Elections & Voting

One of the most important rights of American citizens is the franchise — the right to vote.  Originally under the Constitution, only white male citizens over the age of 21 were eligible to vote.  This shameful injustice has been corrected and voting rights have been extended several times over the course of our history.  Today, citizens over the age of 18 cannot be denied the right to vote, regardless of race, religion, sex, disability, or sexual orientation.  However, in every state except North Dakota, citizens must register to vote, and laws regarding the registration process vary by state.

The path to full voting rights for all American citizens was long and often challenging.  The franchise was first extended to African Americans under the Fourteenth and Fifteenth Amendments to the Constitution, passed during the Reconstruction period after the Civil War.  These guaranteed that all male citizens, regardless of their race, would receive equal treatment under the law and not be deprived of their rights without due process.  The Fifteenth Amendment is specifically dedicated to protecting the right of all citizens to vote, regardless of their race.

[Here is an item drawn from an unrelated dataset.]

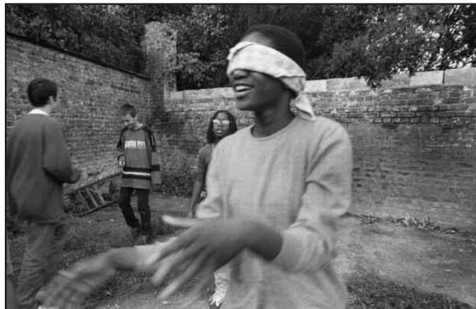
Quartier Ste Marguerite, Liège
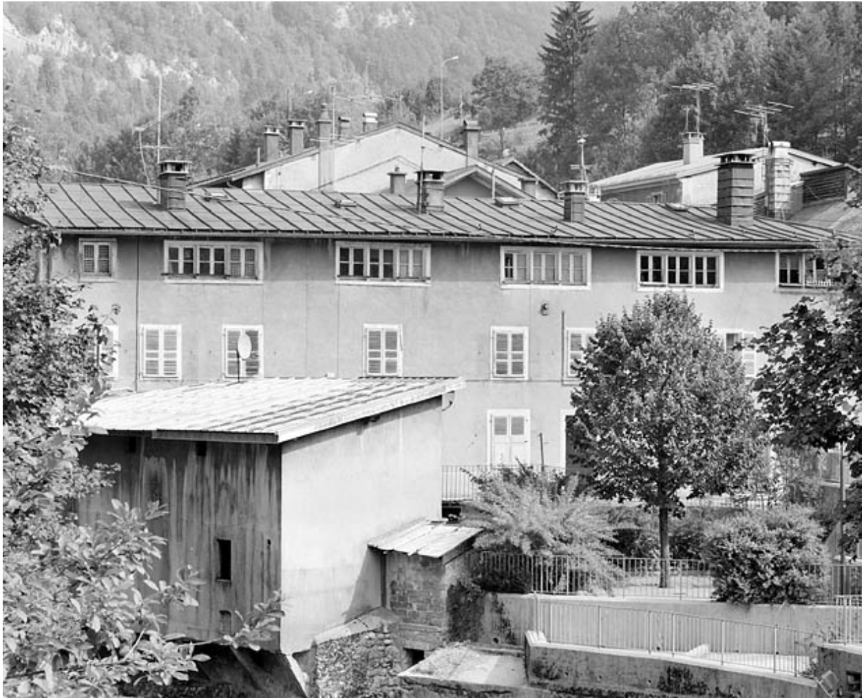
Façade principale : les deux étages carrés.

For practical purposes, this was not the end of the voting rights struggle for African Americans.  Because of widespread discrimination in some states, including the use of poll taxes, grandfather clauses, and literacy tests, African Americans were not assured full voting rights until President Lyndon Baines Johnson signed the Voting Rights Act in 1965.

Women were denied the right to vote until 1920, when the Nineteenth Amendment was passed.  Prior to that, women had only been able to vote in select states.

Federal elections occur every two years, on the first Tuesday after the first Monday in November.  Every member of the House of Representatives and about one-third of the Senate is up for reelection in any given election year.  A presidential election is held every fourth year.

Federal elections are administered by state and local governments, although the specifics of how elections are conducted differ between the states.  The Constitution and laws of the United States grant the states wide latitude in how they administer elections.